The updated MELD score had the highest predictive value (3.29) among the tested scores (95% CI: 2.26-4.78). ROC curve analysis demonstrated that the MELD score of 22.50 (AUC = 0.914, 95% CI: 0.849-0.978; p < 0.001) had the best discriminative ability for identifying patients with a high risk of mortality; the next best was the MESO index of 16.00 (AUC = 0.912, 95% CI: 0.847-0.978; p < 0.001).

CONCLUSION

The risk of mortality was highest in patients with the highest updated MELD score, and those with MELD scores >22.50 and a MESO index >16.00.

摘要

目的

确定能最佳预测失代偿期肝硬化住院患者预后的预后评分。

材料与方法

在这项前瞻性研究中,纳入了126例患者并随访29个月。为每位患者计算预后评分;这些评分包括Child-Turcotte-Pugh评分(CTP评分)、CTP肌酐修正I评分、CTP肌酐修正II评分、终末期肝病模型(MELD评分)、终末期肝病模型钠修正评分、综合MELD评分、更新的MELD评分、英国MELD评分以及血清钠指数重塑的MELD评分(MESO指数)。
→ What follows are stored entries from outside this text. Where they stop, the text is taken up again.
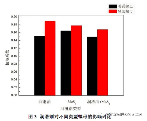 1)對于普通螺母,潤滑油類流體潤滑效果優(yōu)于MoS2類的固體潤滑效果,而對于鎖緊螺母則相反;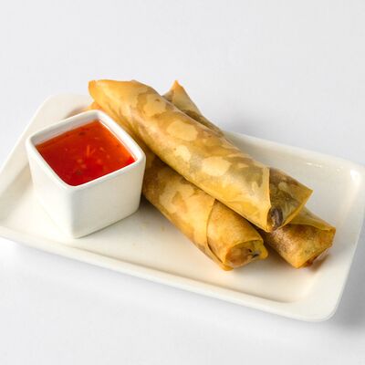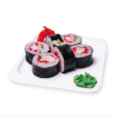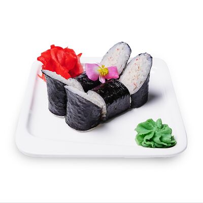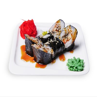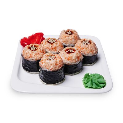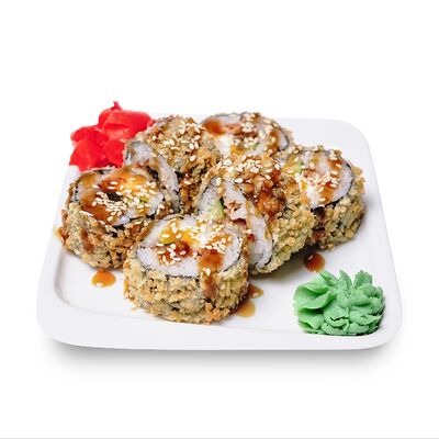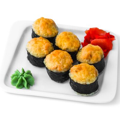 Запеченный ролл с омлетом тамаго и краб-кремом. Сверху аккуратно выкладывается шапочка из краб-крема и яки соуса, добавляется кунжут и унаги соус. Подаются с имбирем и васаби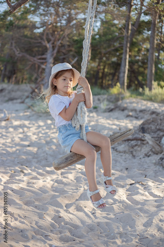Naklejka premium Little girl on swings at the beach.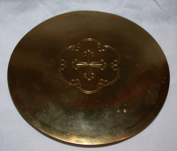 Sur la patène : croix ; sur le calice : ornementation.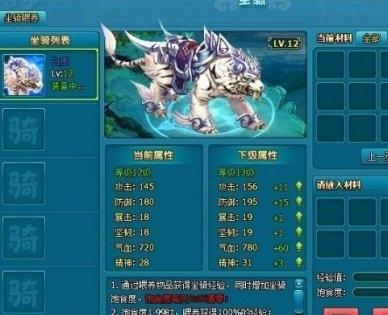 坐骑经验值满时即可升级,每升1级都会增长一定属性。坐骑属性将直接附加到人物能力。坐骑等级最高不能超过人物等级。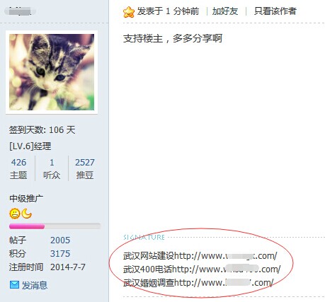 再來說說論壇外鏈,論壇的互動(dòng)性極強(qiáng),通常是以發(fā)帖回帖的形式吸引用戶的參與,但是這種方式能給網(wǎng)站帶來權(quán)重或流量嗎?答案是肯定的,奇億小編舉個(gè)自身在tui18論壇發(fā)帖的例子,相信大家就明白了。論壇帖子,通常會(huì)收到“支持樓主”、“感謝分享”等等這一類的回復(fù),這時(shí)別人有沒有用心看你的文章似乎顯得不太重要,他們這樣做的目的主要還是外鏈。除了本身發(fā)帖可以添加外鏈,論壇簽名一般可以帶上鏈接,只要你參與回帖,又可獲得一個(gè)外鏈的機(jī)會(huì)。效果較好的外鏈論壇有:tui18,阿里,seo論壇,新浪等。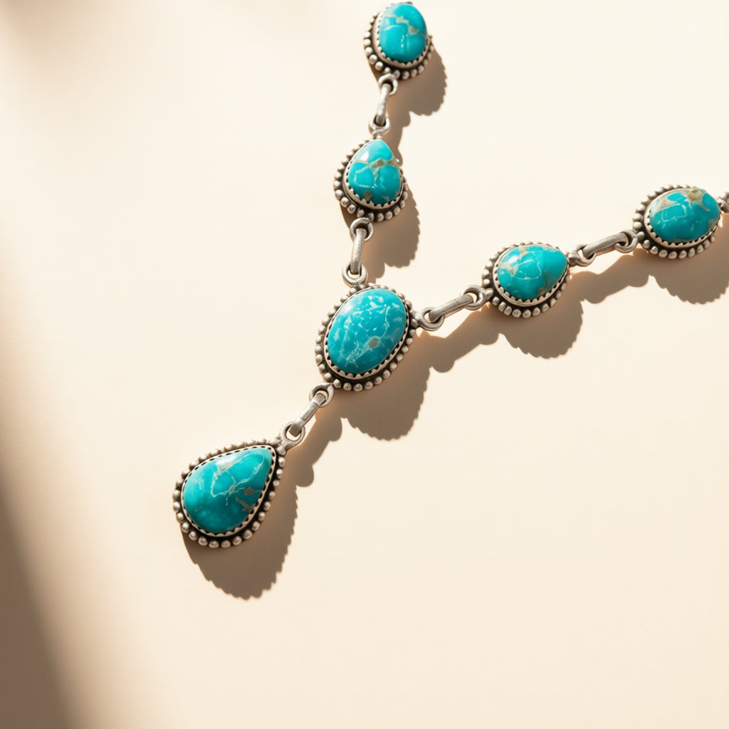 This sterling silver  lariat features Blue Ridge turquoise set along a 20-inch chain with a fluid drop silhouette.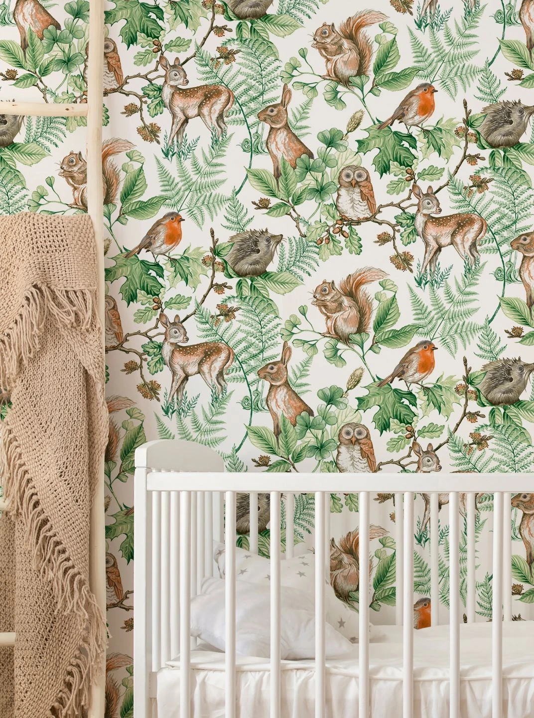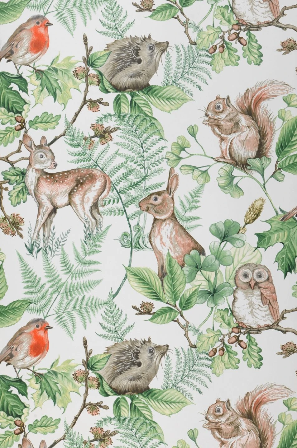 Igel und Eichhörnchen, Rehkitze und Hasen, Rotkehlchen und Waldkäuze – voller Details und Naturtreue sind die wunderschön gezeichneten Abbildungen der heimischen Tierwelt auf der Vliestapete „Nakuru“. Verschiedene Zweige mit Blättern und Früchten ergänzen die Zusammenstellung. Auf dem weißen Grund der Tapete kommen die zarten Farben ausdrucksvoll zur Geltung. Gerade für ein Kinderzimmer schaffen Sie eine zauberhafte Kulisse, in der es viel zu entdecken gibt.

采用Cox回归分析评估各评分预测酒精性肝硬化患者死亡率的能力。使用受试者工作特征(ROC)曲线分析评估其鉴别能力。

结果

在测试的评分中,更新的MELD评分具有最高的预测价值(3.29)(95%可信区间:2.26 - 4.78)。ROC曲线分析表明,MELD评分为22.50(AUC = 0.914,95%可信区间:0.849 - 0.978;p < 0.001)对识别高死亡风险患者具有最佳鉴别能力;其次是MESO指数为16.00(AUC = 0.912,95%可信区间:0.847 - 0.978;p < 0.001)。

结论

更新的MELD评分最高的患者以及MELD评分>22.50且MESO指数>16.00的患者死亡风险最高。